The mean (SD) area under the plasma concentration-time curve from 0 to 12 hours (AUC12) and maximum plasma concentration (Cmax) of trans-resveratrol were 3558 (2195) ng •h/mL and 1274 (790) ng/mL, respectively, after the standard breakfast. The high-fat breakfast significantly decreased the AUC12 and Cmax by 45% and 46%, respectively, when compared with the standard breakfast. Quercetin 500 mg twice daily or 5% alcohol 100mL did not influence trans-resveratrol pharmacokinetics. Diarrhoea was reported in six of the eight subjects. Significant but not clinically relevant changes from baseline were observed in serum potassium and total bilirubin levels.

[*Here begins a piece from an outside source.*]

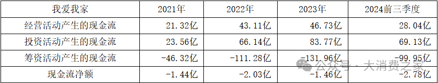 表3 我爱我家2021年至2024年前三季度现金流情况

Trans-resveratrol 2000 mg twice daily resulted in adequate exposure and was well tolerated by healthy subjects, although diarrhoea was frequently observed. In order to maximize trans-resveratrol exposure, it should be taken with a standard breakfast and not with a high-fat meal. Furthermore, combined intake with quercetin or alcohol did not influence trans-resveratrol exposure.
The healthy subjects are gratefully acknowledged for their participation in this study. D. William Cameron is supported by a Career Scientist Award from the Ontario Ministry of Health/Ontario HIV Treatment Network. No sources of funding were used for the conduct of this study or preparation of this manuscript. The authors have no conflicts of interest that are directly relevant to the content of this study.